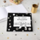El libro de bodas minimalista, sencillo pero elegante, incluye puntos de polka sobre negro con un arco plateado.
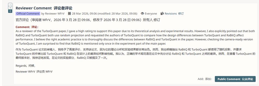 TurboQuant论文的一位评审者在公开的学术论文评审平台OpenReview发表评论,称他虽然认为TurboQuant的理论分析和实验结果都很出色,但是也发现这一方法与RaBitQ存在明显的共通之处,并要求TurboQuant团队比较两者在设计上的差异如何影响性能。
----------------------------------------
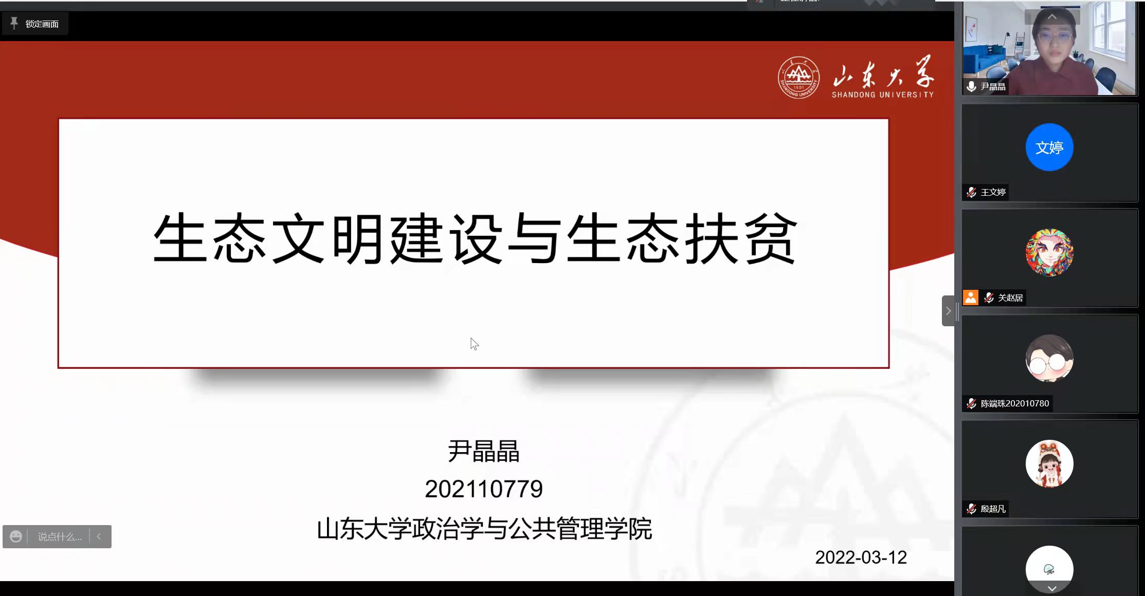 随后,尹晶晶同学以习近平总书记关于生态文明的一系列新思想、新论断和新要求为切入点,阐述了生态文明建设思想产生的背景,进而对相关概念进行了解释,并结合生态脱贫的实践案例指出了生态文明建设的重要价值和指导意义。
----------------------------------------
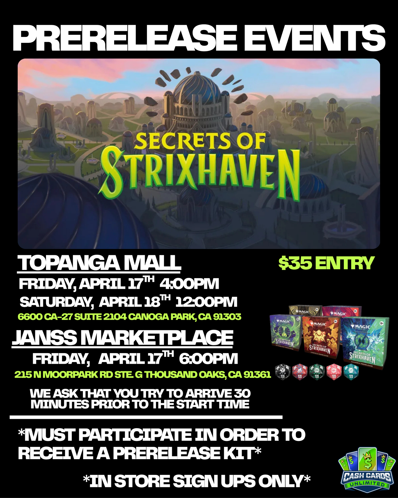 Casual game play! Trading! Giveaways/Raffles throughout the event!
----------------------------------------
=== TASK DESCRIPTION ===
Although pictures appear among the entries, please set down only the lines from the one with "El libro de" up to and including the one with "TurboQuant论文的一", word for word.

=== TASK ANSWER ===
El libro de bodas minimalista, sencillo pero elegante, incluye puntos de polka sobre negro con un arco plateado.
 TurboQuant论文的一位评审者在公开的学术论文评审平台OpenReview发表评论,称他虽然认为TurboQuant的理论分析和实验结果都很出色,但是也发现这一方法与RaBitQ存在明显的共通之处,并要求TurboQuant团队比较两者在设计上的差异如何影响性能。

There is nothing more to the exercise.